The Rappbode Dam (German: Rappbode-Talsperre) is the largest dam in the Harz region as well as the highest dam in Germany. Together with several other dams and retention basins, it forms the flood protection system for the eastern Harz.
|Dam and spillways|
|Type of dam||Gravity dam|
|Height||106 m (348 ft)|
|Length||415 m (1,362 ft)|
|Width (crest)||12.5 m (41 ft)|
|Dam volume||857,000 m3 (30,300,000 cu ft)|
|Total capacity||109,080,000 m3 (3.852×109 cu ft)|
|Catchment area||269 km2 (104 sq mi)|
|Surface area||390 ha (1.5 sq mi)|
|Installed capacity||5.5 MW|
The individual damsEdit
- Königshütte diversionary dam
- Diversionary dam on the River Bode just before the confluence of the Warme Bode and Kalte Bode at Königshütte partially diverts water from the Bode into a diversion channel to the Rappbode Dam (to provide drinking water). The rest of the water flows down the Bode directly into the reservoir of the Wendefurth Dam.

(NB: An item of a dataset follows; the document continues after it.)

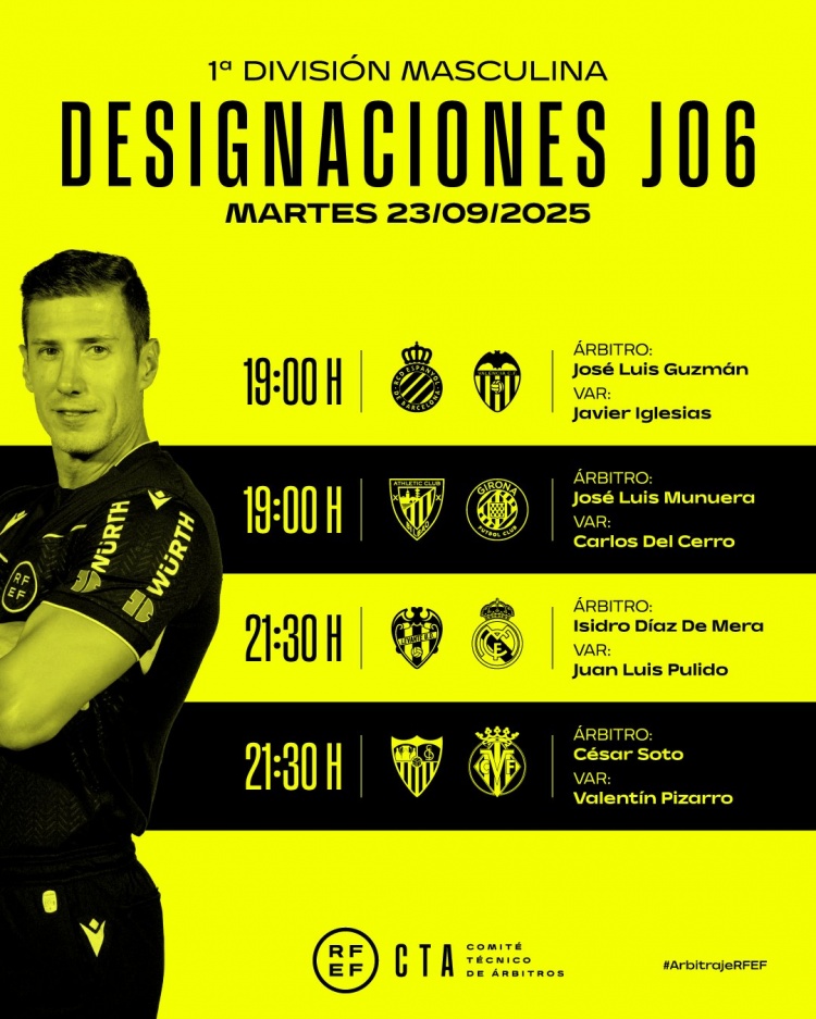 9月22日讯 西甲官方更新社媒动态,公布了9月23日进行的第6轮比赛的裁判安排。

- Hassel Auxiliary Dam and Rappbode Auxiliary Dam
- Auxiliary dams on the Hassel and Rappbode which help the retention of rocks, mud and nutrients.
- Mandelholz Dam
- Upstream dam on the Kalte Bode, which rises at the foot of the Brocken. Flood protection and retention of rocks and nutrients ahead of the main barrier.
- Wendefurth Dam
- Supplementary dam downstream which acts as flood protection and stores water for the Wendefurth Pumped-Storage Power Station.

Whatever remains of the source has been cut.